I will highlight the most important changes in the 4.0 version:
- We re-wrote the warranties paragraph in such a way that no longer the founders provide warranties to the investors, but the company does (apart from the founders’ warranty regarding IP rights being vested in the company). In the event of a breach of warranty, investors will be compensated by getting a larger stake in the company instead of a claim for compensation on the existing shareholders. Although we know that not every investor will appreciates this change, in our opinion in most early stage deals this is the more pragmatic (and market standard) approach.
- The former version already included the option to install a Supervisory Board. We put more weight on the Supervisory Board’s role in the new version. If installed, the Supervisory Board now is the corporate body that executes the approval rights instead of the General Meeting. The investors will have the right to elect the majority of the seats in the Supervisory Board. This accommodates in a better way current practice where investors often use the Supervisory Board to advise and to enforce their consent rights.

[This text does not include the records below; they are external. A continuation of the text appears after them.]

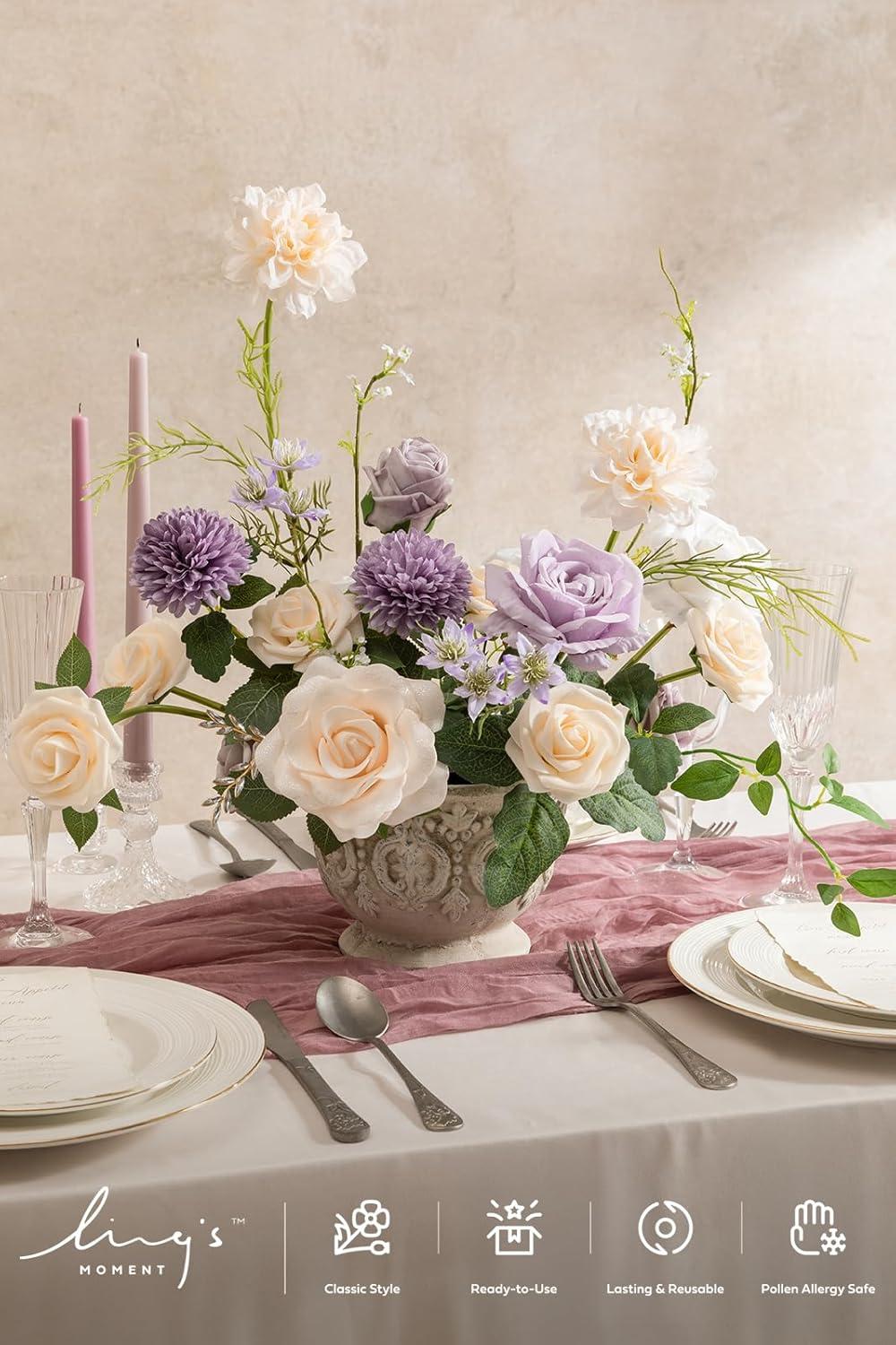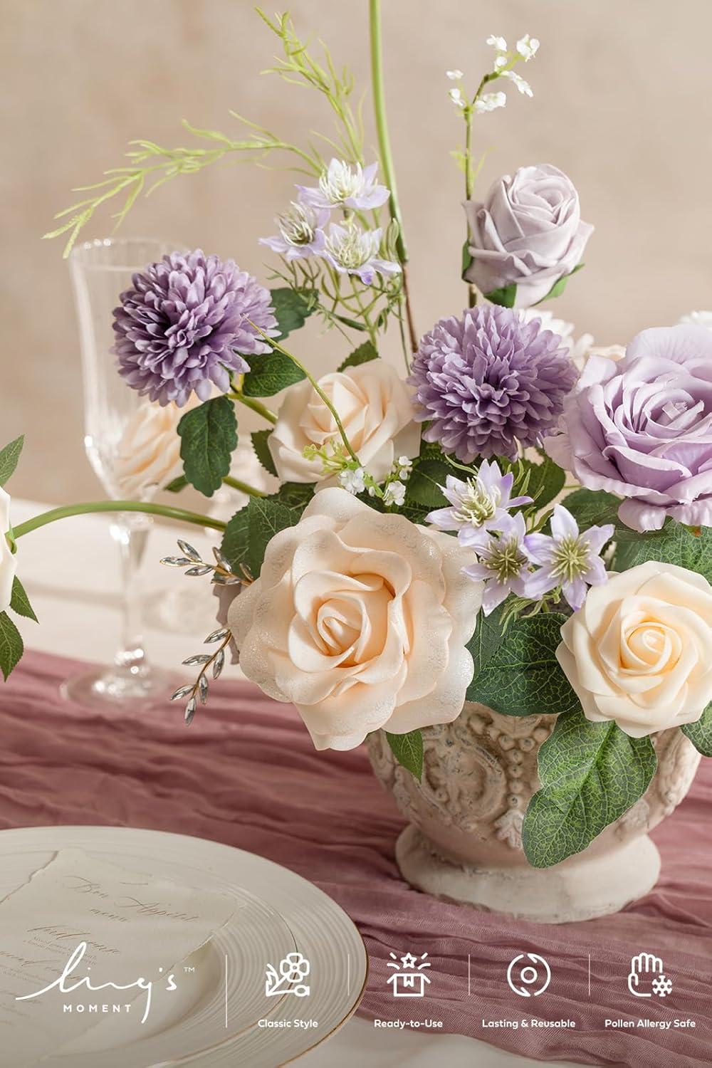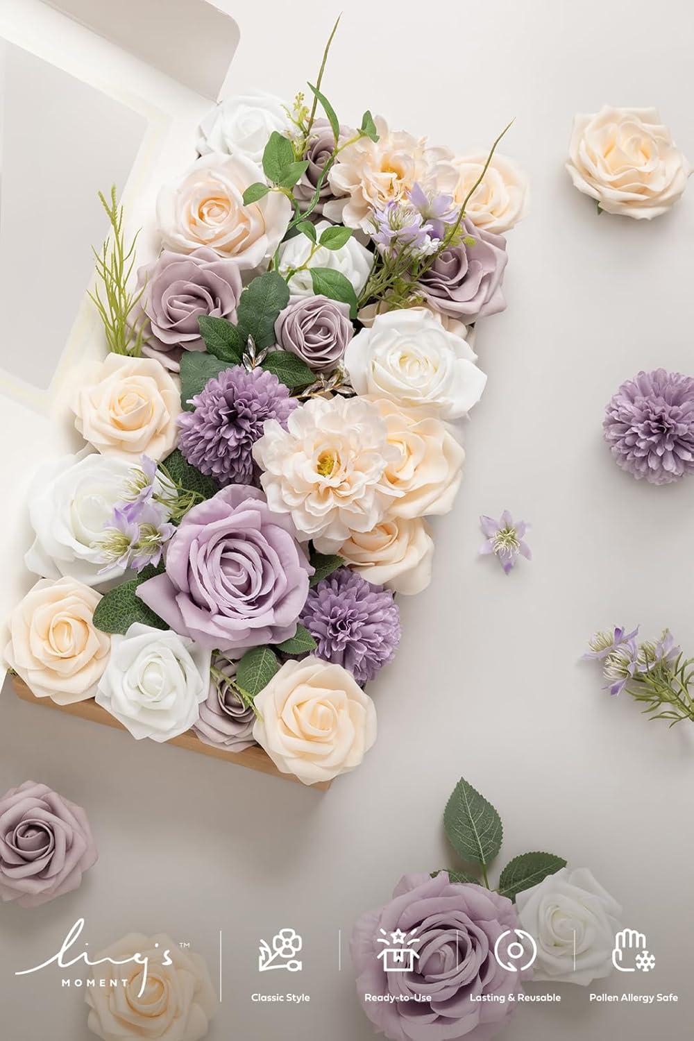Ling’s moment Fake Flowers Box, Faux Artificial Greenery Stems Foam Roses Silk Leaves for Centerpieces Bouquet Wedding Floral Arrangements Bridal Shower Party, Lavender & Cream, Deluxe Combo(Prpl-lavender & Plum)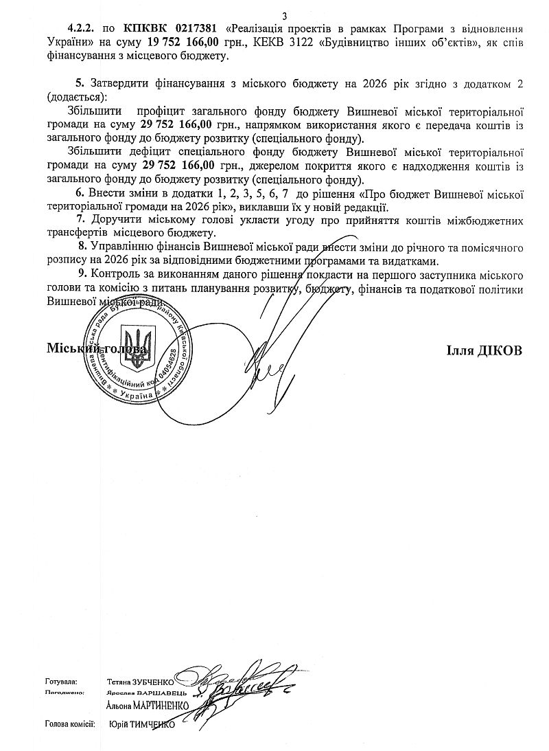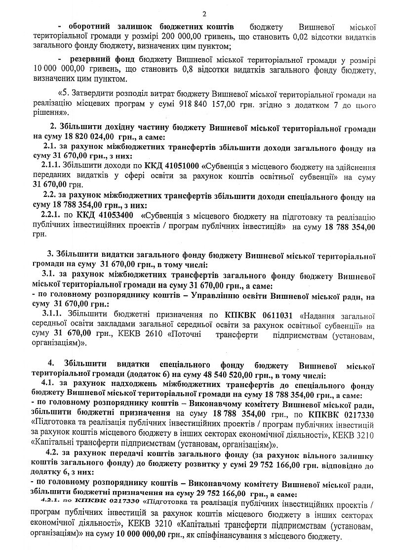 Бюджет Вишневої міської територіальної громади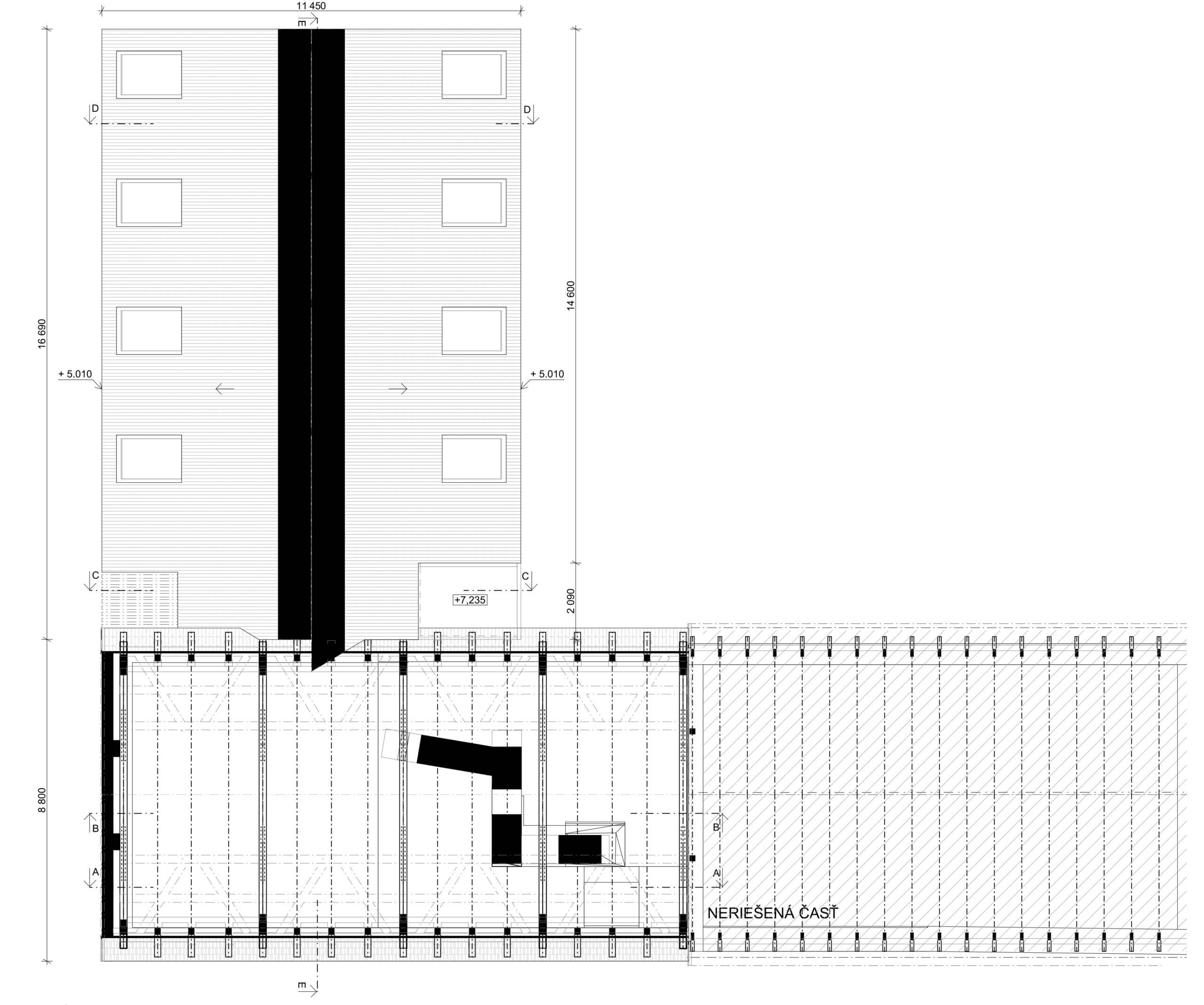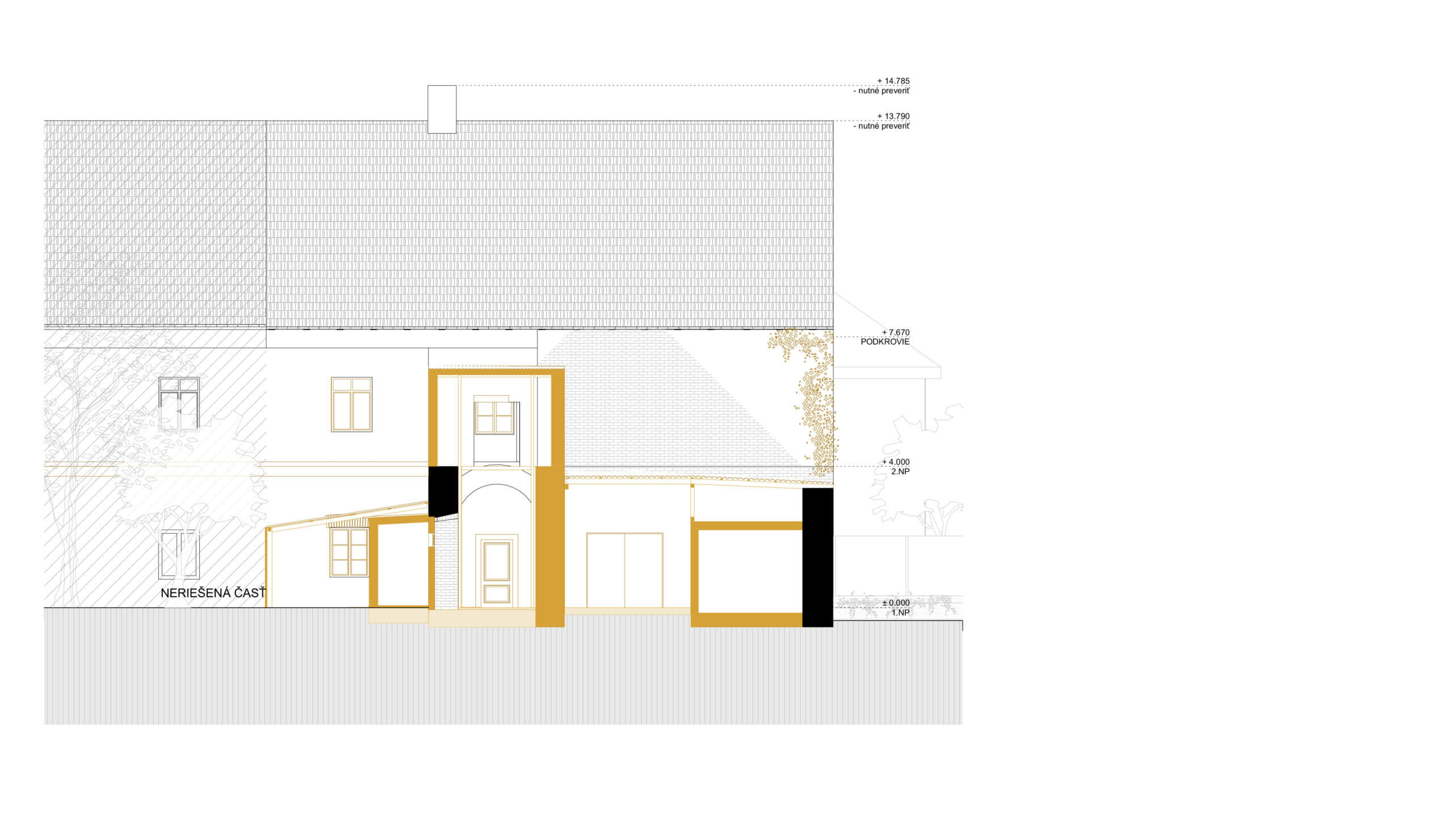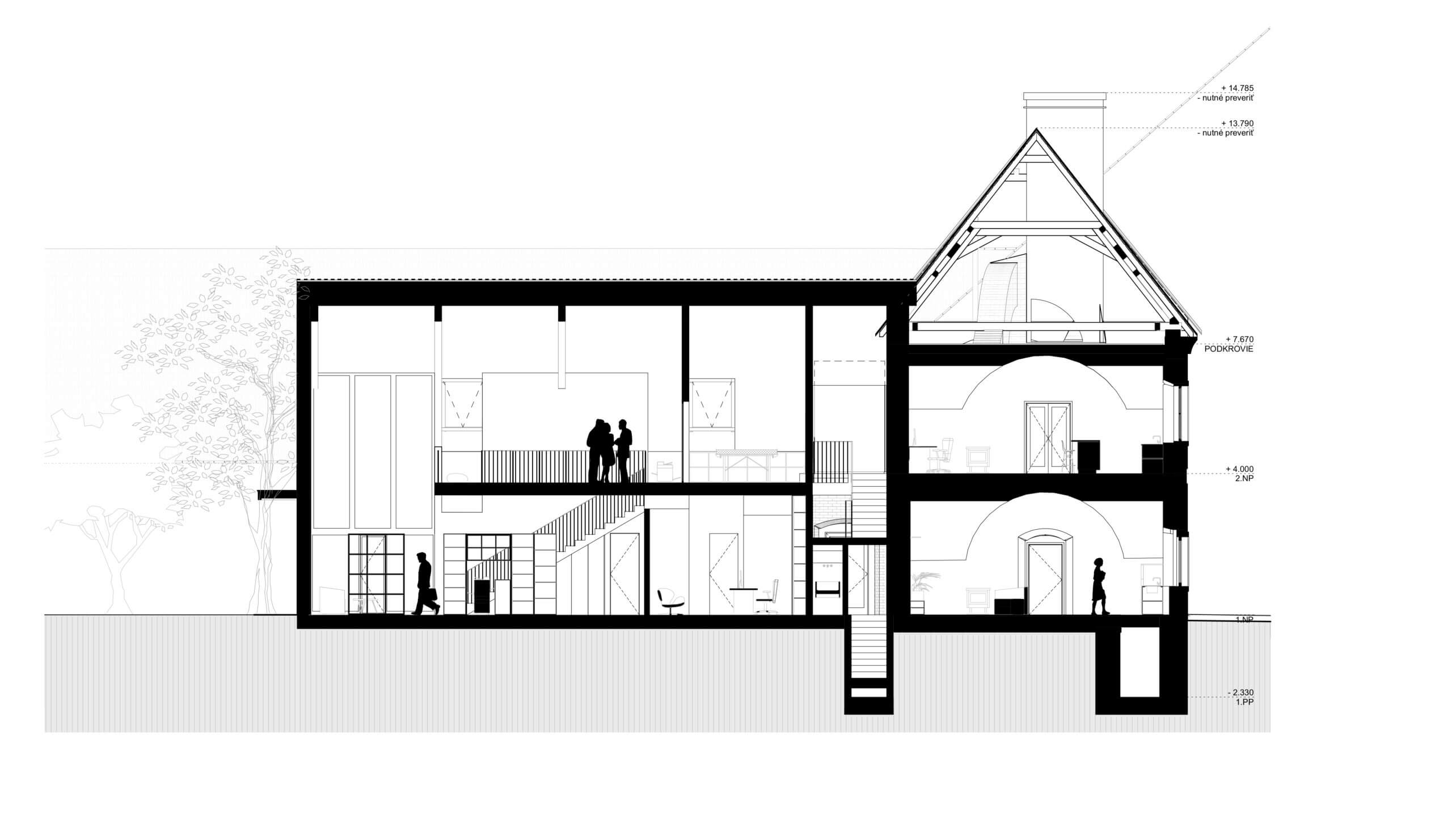 V mieste pôvodných prístavieb je navrhnutý novotvar novej prístavby. Ten rešpektuje pôvodné nosné murivá a pristavuje sa s novou nosnou konštrukciou. V mieste styku prístavby a pôvodného objektu je navrhnuté schodisko, ktoré bude slúžiť na prístup do apartmánu na 2.NP pôvodného objektu a aj ako prístup na 2. poschodie do priestorov kancelárie. Daný styk je vyriešený preskleným kubusom, ktorý sa nachádza v mieste pôvodného murovaného kubusu. Od súkromného pozemku investora je navrhnutý vedľajší vstup do súkromnej kancelárie, ktorú bude v jeho užívaní. Z predmetnej kancelárie je možný prístup do kuchynky, samostatného WC s predsienkou a serverovne, z ktorej bude ďalej prístup do miestnosti pre upratovačku umiestnenej pod schodmi. V rámci kancelárie je navrhnutá menšie printová zóna. Zo súkromnej kancelárie bude prístup do hlavného kancelárskeho priestor „open space“. Do tejto kancelárie je hlavý vstup orientovaný z nádvoria cez zádverie. Zo zádveria je možný aj priamy vstup do menšej zasadacej miestnosti, cez ktorú je ďalej možný prístup do kuchynky. Kuchynka ako aj zasadacie miestnosť je prechodná a prístupná aj priamo z exteriéru, kde pred týmito priestormi sa bude nachádzať spoločná terasa. Kuchynka bude prístupná aj zo zádveria, kde sa bude nachádzať schodisko z dôvodu lepšieho prístupu z kancelárie na druhom poschodí. V spoločnej kancelárii „open space“ bude priestor členený na viacero zón: 1. zóna pre návštevy, v ktorej sa bude nachádzať pohovka s konferenčným stolíkom, 2. zóna na prácu, kde sú navrhnuté kancelárske stoly so sedením, 3. printová zóna, kde je umiestnená tlačiareň, úložné priestory, archív. Nad touto zónou sa bude nachádzať schodisko, cez ktoré bude prístupné druhý „open space“ na druhom poschodí. K danej kancelárii prislúcha unisex WC s predsieňou.

- The former version included a matching right for other shareholders in case a drag along right was enforced. We kept it in, although we know that some investors don’t like it. To accommodate their legitimate concern to some extent and at the same time protect the founders’ interests, we have shortened the period to execute this right (unconditionally) to 21 days, which in most cases will prevent a potential buyer walking away from a deal.
- We changed the investor’s anti-dilution right from full ratchet to broad based weighted average, since that seems the most reasonable and currently market standard approach in Dutch VC deals.
- Finally, there are many small changes. We piled them up over the past 18 months and included them in this new version. Some of them are made thanks to users of the Capital Waters documents, who did some great close reading and pointed at inconsistencies or typo’s. Thank you very much and keep them coming. The document will never be finished and will further evolve over time.
Hopefully this new version will find its way to many investors, founders and advisors involved in early stage equity deals, just like the 3.0 version did.